JERUSALEM (Oct. 18)
Secretary of State George Shultz is winding up his visit to Israel in a mood more contemplative than confident of a breakthrough toward Middle East peace in the near future.
While he conceded at a news conference here Sunday that he could point to no “big sign of progress” following a series of talks with Israeli leaders on ways to advance the peace process, he expressed hope that “we gradually (will) get somewhere” and observed that “there has been considerable progress” in the past.
The main issue confronting Shultz is Premier Yitzhak Shamir’s apparently unbending opposition to an international conference for Middle East peace. His carefully formulated news conference remarks seemed to underscore his oft-repeated insistence that he would not press the Premier on this matter.

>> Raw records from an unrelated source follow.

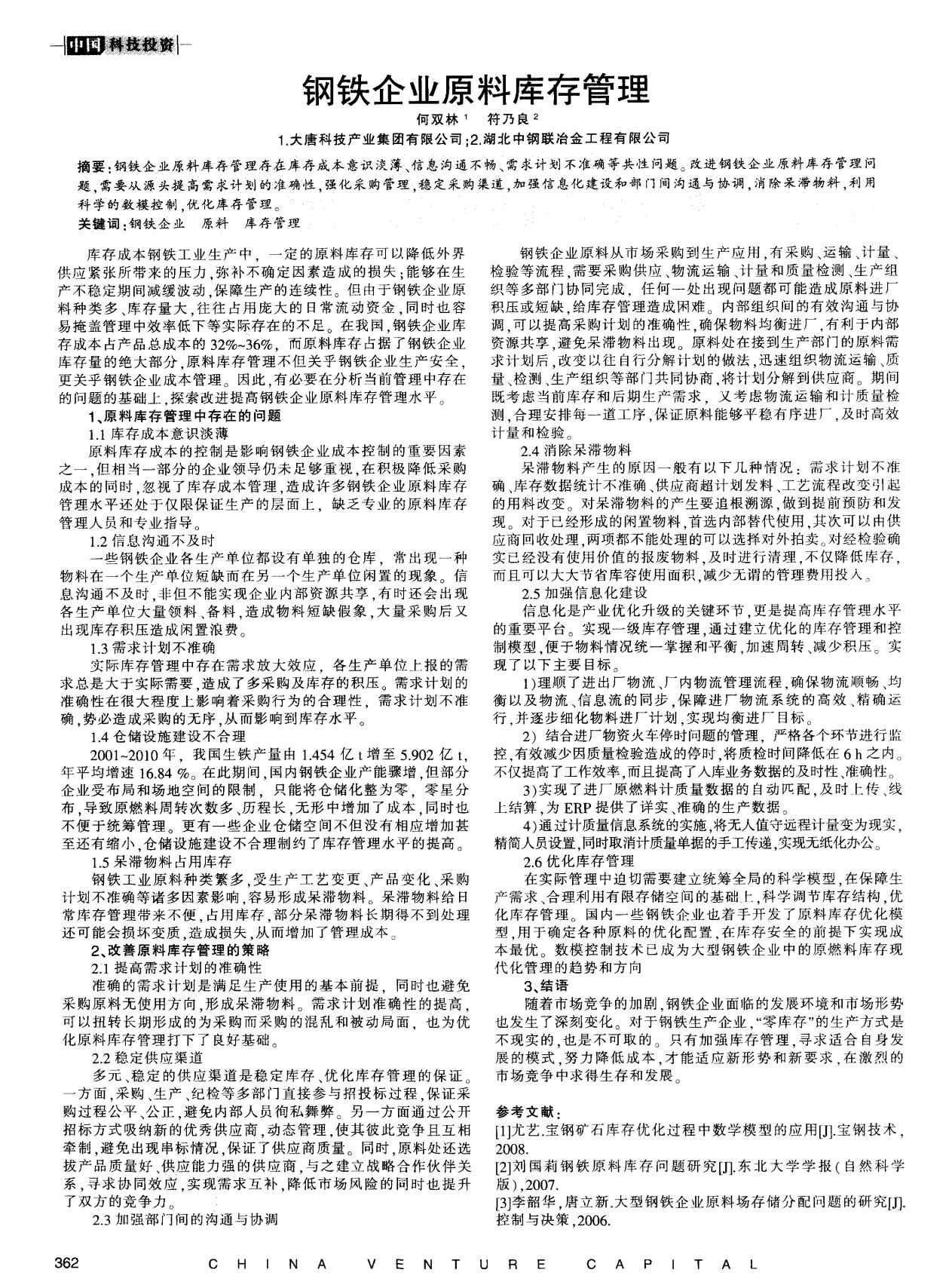鋼鐵企業(yè)原料庫(kù)存管理
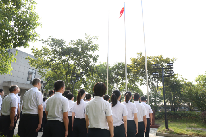 9月30日上午9時整,機場高速公司舉行“喜迎二十大·五星紅旗升起來”升國旗儀式,慶祝中華人民共和國成立73周年。公司班子領導,行政部室全體員工,站點負責人、副站長等人員參加升旗儀式。護旗手們以昂揚的身姿、堅定的步伐護衛著鮮艷的國旗邁向升旗臺。伴隨著雄壯的國歌,懷著對祖國的熱愛和崇高的敬意,全體人員行注目禮,鮮艷的五星紅旗冉冉升起。站在鮮艷的五星紅旗之下,機場高速公司全體員工將進一步激發工作熱情,為順利完成全年各項工作任務共同努力奮斗。
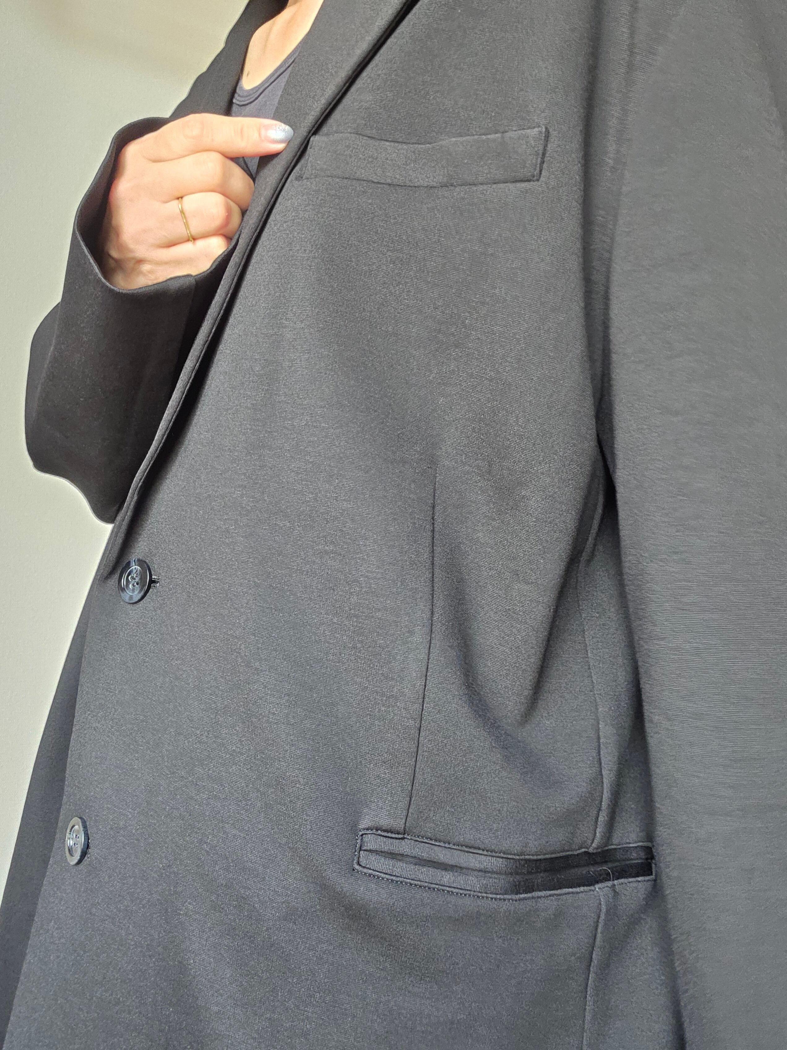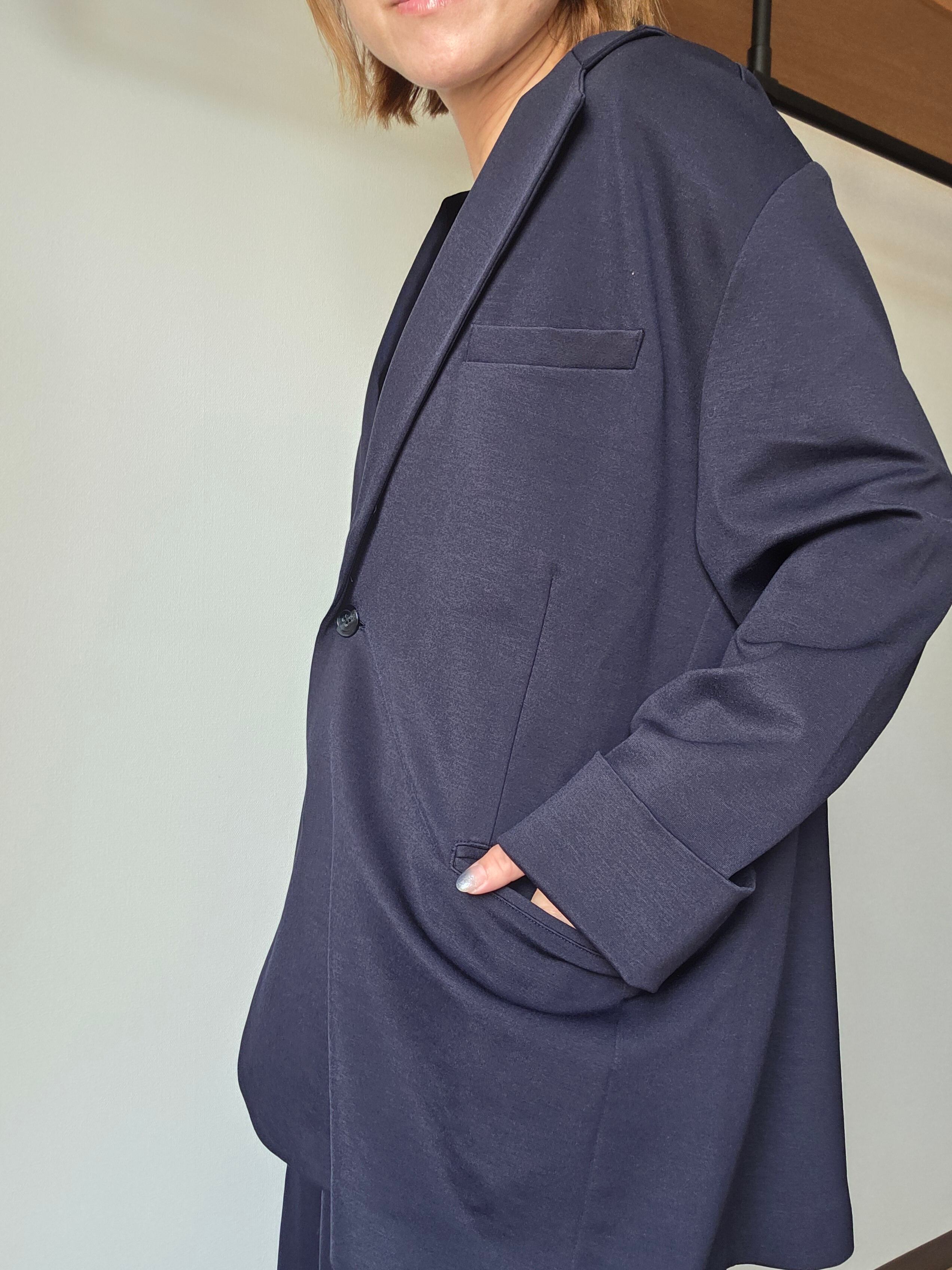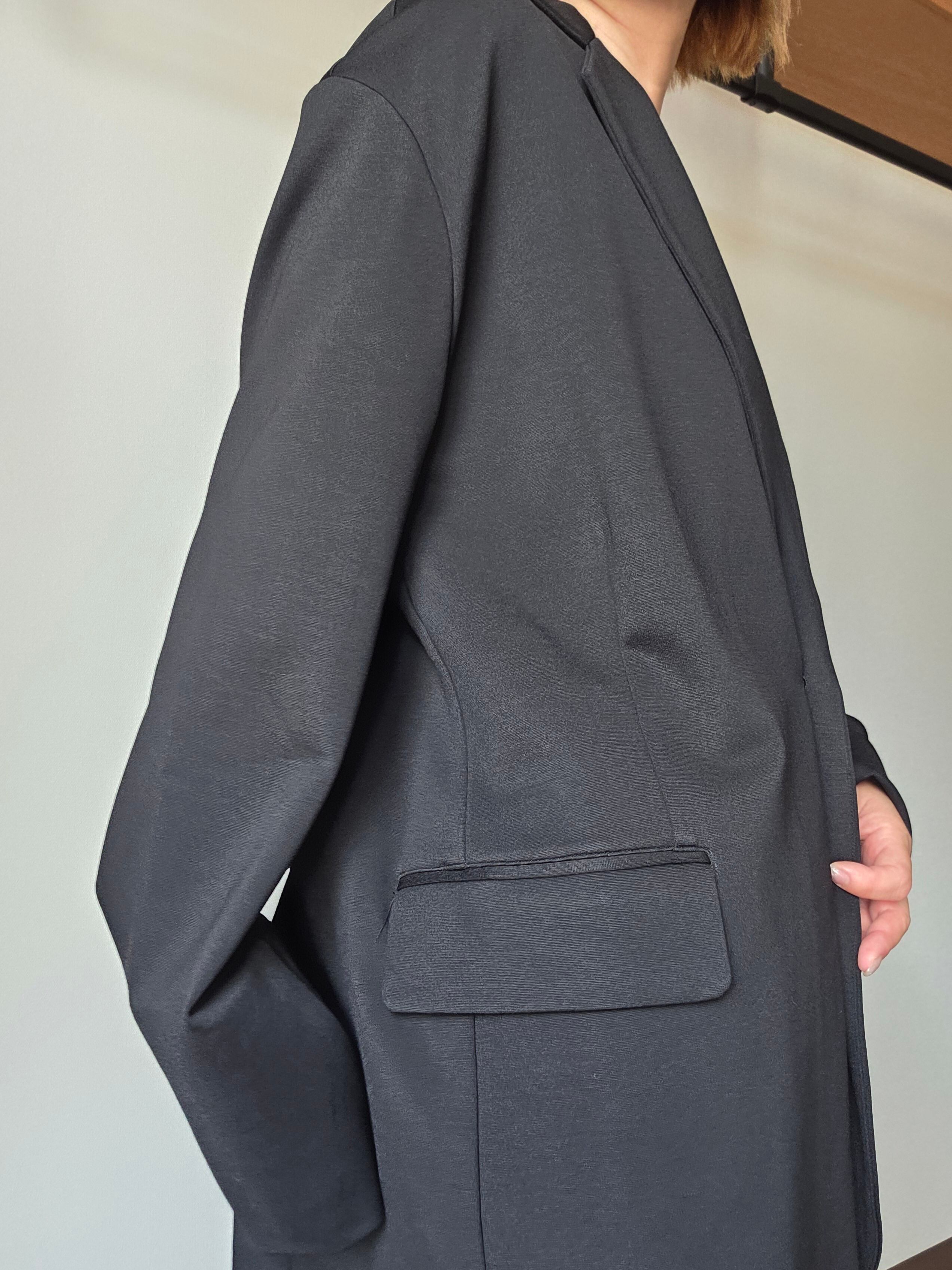 カジュアルなストレッチ素材のジャケット。ウエストをややシェイプさせたオーバーサイズシルエット。 1 枚仕立てのラフな雰囲気でデイリーに着用することができます。同素材のパンツやスカートとのセットアップでの着用もおすすめです。

But some observers detected a note of annoyance with the Israeli leader’s adamancy. Together with Israel, he told reporters, he would try “to find some avenues” with which Shamir could be “more comfortable than he obviously is with the international conference.”
‘OBLIGATION TO OFFER SOMETHING DIFFERENT’
His words were more pointed when he spoke at the Weizmann Institute of Science in Rehovot and at Tel Aviv University after receiving honorary doctorates from both institutions earlier Sunday. “Those who are reluctant to explore new ideas, or even revisit old ones, have an obligation-to offer something different as an alternative to the status quo,” Shultz said.
The Secretary arrived in Israel Friday afternoon and was greeted at Ben-Gurion Airport by Foreign Minister Shimon Peres. Later he met for his first working session with Shamir and later with Peres.
On Saturday, he flew to Saudi Arabia, returning to Jerusalem by evening for further talks with Shamir and Peres. Shultz had a final found with Shamir scheduled for Sunday night. He was to fly to Egypt Monday morning. According to American sources, Shultz focussed his attention on the Persian Gulf situation during his brief stay in Saudi Arabia.
Shultz is visiting the region before going to Moscow for nuclear arms limitation talks and some observers attached significance to his timetable. But Shultz himself asked Israelis to view his visit in the context of the “continuing discussions going on all the time.” He referred to Shamir’s forthcoming visit to the United States and to the state visit by President Chaim Herzog next month.
Shultz said his talks here were “thorough, intense … constructive and beneficial.” He noted that “We all believe that the way to get to peace is through direct negotiations. Now, how do you bring that about?” he asked. “We continue to scratch our heads about that….”
Shultz’s visit to Israel, his first since 1985, has been overshadowed by other events. Tension is escalating in the Persian Gulf following damage inflicted on an American reflagged Kuwaiti tanker, presumably by Iranian-fired Silkworm missiles Friday.
Almost lost in the news was Shultz’s announcement of a $10,000 personal donation, the first toward a $1 million scholarship fund to be established in his name by Tel Aviv University for doctoral students in political science, economics and business management.